Hello, I would like any opinion on a new testing idea for .rules dsl.
Backstory:
My recent topo-sort prove adventure got me thinking.
I spawned 3 issues about the exact same bug in 3 different unrelated parts of the codebase:
cmd/compile: amd64 CMOV* lowering rules depend on the values schedulecmd/compile: ppc64 MADDLD lowering rules depend on the values schedule
all of this because I dared to change a meaningless thing (schedule of values before the schedule pass).
The previous ordering wasn't thought through by anyone or good in any metric since it doesn't matter.
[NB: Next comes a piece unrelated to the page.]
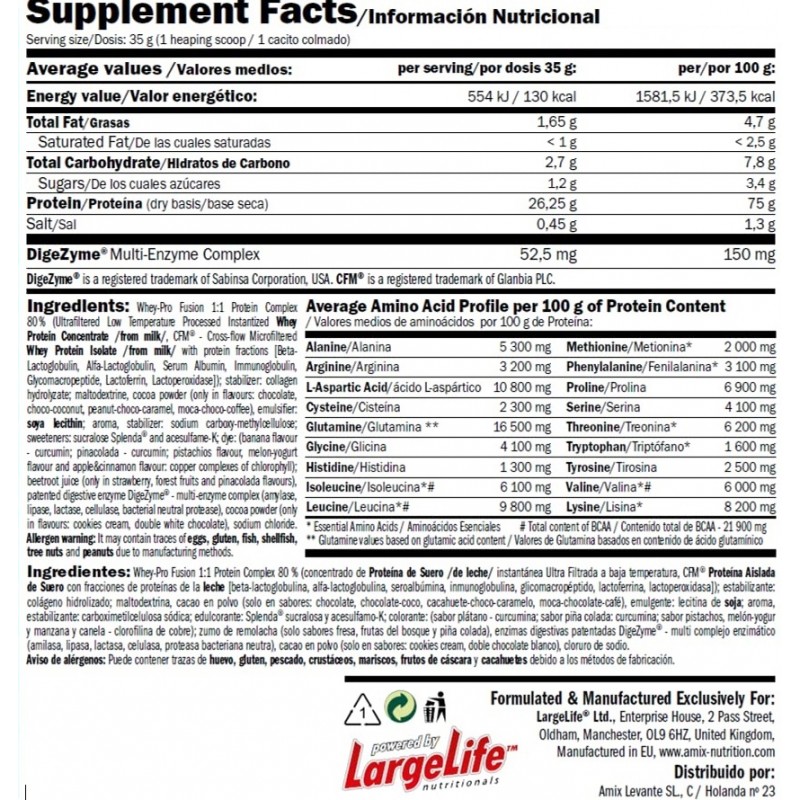 Ингредиенты:Whey-Pro Fusion 1:1 Protein Complex 80% (ультрафильтрованный низкотемпературный обработанный инстантизированный концентрат сывороточного протеина /из молока/, CFM® - микрофильтрованный сывороточный протеиновый изолят /из молока/ с белковыми фракциями [бета-лактоглобулин, альфа-лактоглобулин, сывороточный альбумин, иммуноглобулин, гликомакропептид, лактоферрин, лактопероксидаза]); стабилизатор: гидролизат коллагена, мальтодекстрин, какао-порошок (только во вкусах: шоколад, шоколад-кокос, арахис-шоко-карамель, мока-шоко-кофе); эмульгатор: соевый лецитин; ароматизатор, стабилизатор: карбоксиметилцеллюлоза натрий; подсластители: сукралоза Splenda® и ацесульфам-К; краситель: (аромат банана и пина колады – куркумин; яблоко и корица, дыня-йогурт и фисташки: медные комплексы хлорофилла), экстракт свеклы (только в ароматах клубники, лесных фруктов и пинаколады); запатентованный пищеварительный фермент DigeZyme® – мультиферментный комплекс (амилаза, липаза, лактаза, целлюлаза, бактериальная нейтральная протеаза); какао-порошок (только в ароматизаторах: печенье крем, двойной белый шоколад), хлорид натрия.

However ossification later, tests come to rely on it.
Idea:
In classic mode (what exists today) rewrite goes top down in the function and finds the first matching rule (again going down rule by rule).
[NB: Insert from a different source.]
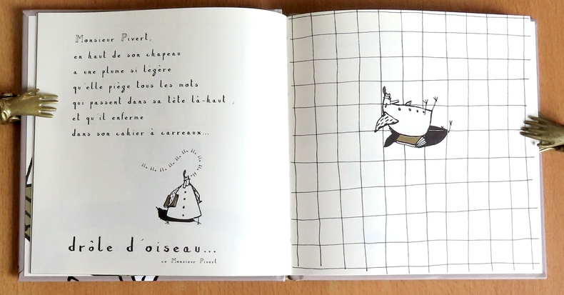 Cet ouvrage rend hommage à deux drôles d'oiseaux partis tout là-haut : Prévert et Doisneau. "Monsieur Pivert a une plume si légère qu'elle piège tous les mots, et Monsieur Moineau prend des photos au piège de sa cage".

Instead there would be a test mode where it finds all matching rules and executes all of them on it's own clone of the function.
Then repeat until no more rules can be applied.
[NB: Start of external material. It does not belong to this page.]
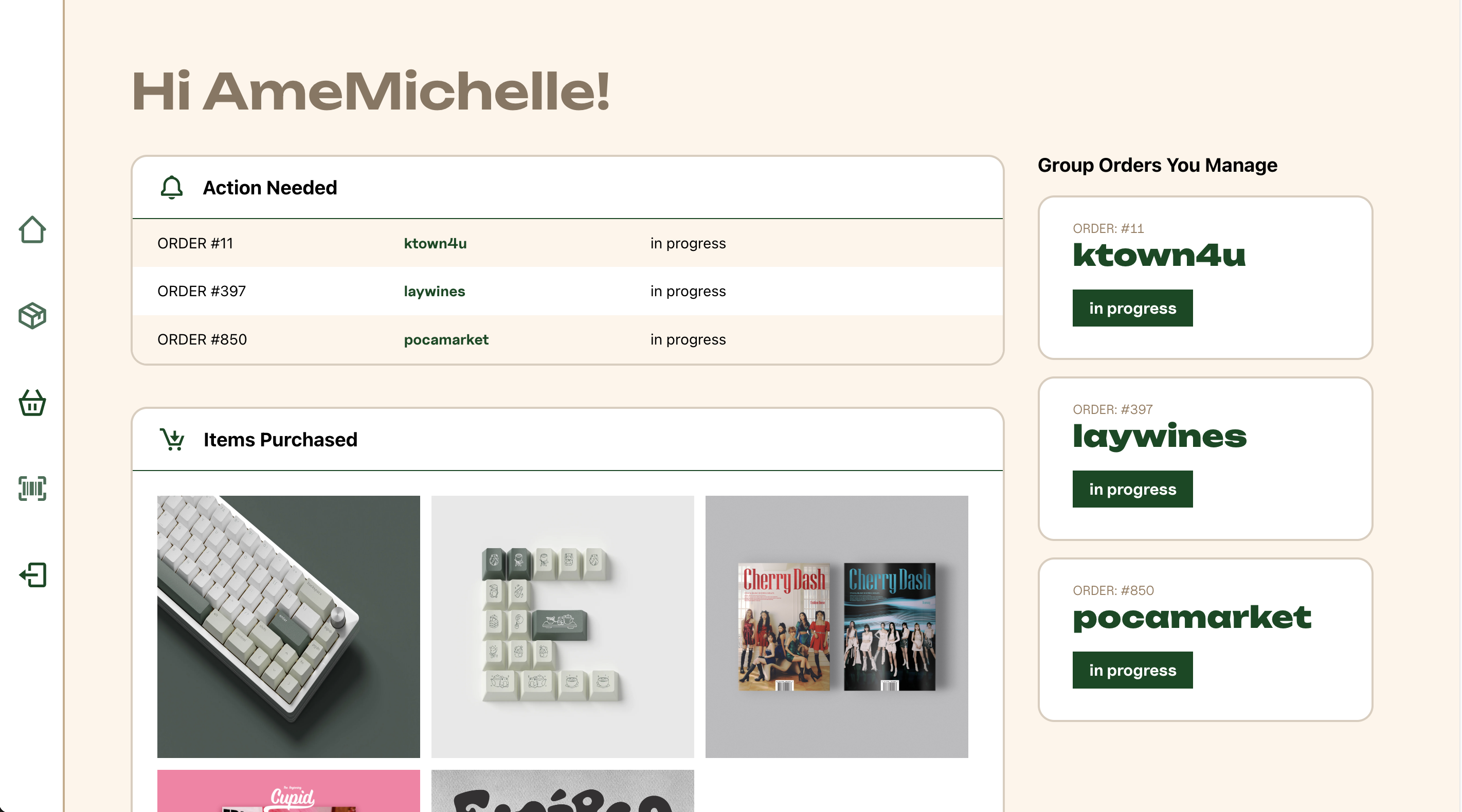 - Manage your group orders + items purchased across different group orders on the home dashboard.

This means rather than rewriting a single first match win path.
We would explore the graph of all possible rewrites.
The test would be considered to pass if there is a single definite end state no matter the path you take in the graph (excluding cycles).
Implementation wise it would be extremely slow,
we are gonna need a transposition table.
And I hope it wouldn't blow up exponentially that it couldn't even be used to compile std and testdir.
This would enforce a complete impossibility to rely on rules ordering (since all orderings would be tested) or schedule (since all values / blocks orderings would be tested)*.
*for the sample test code compiled under test mode.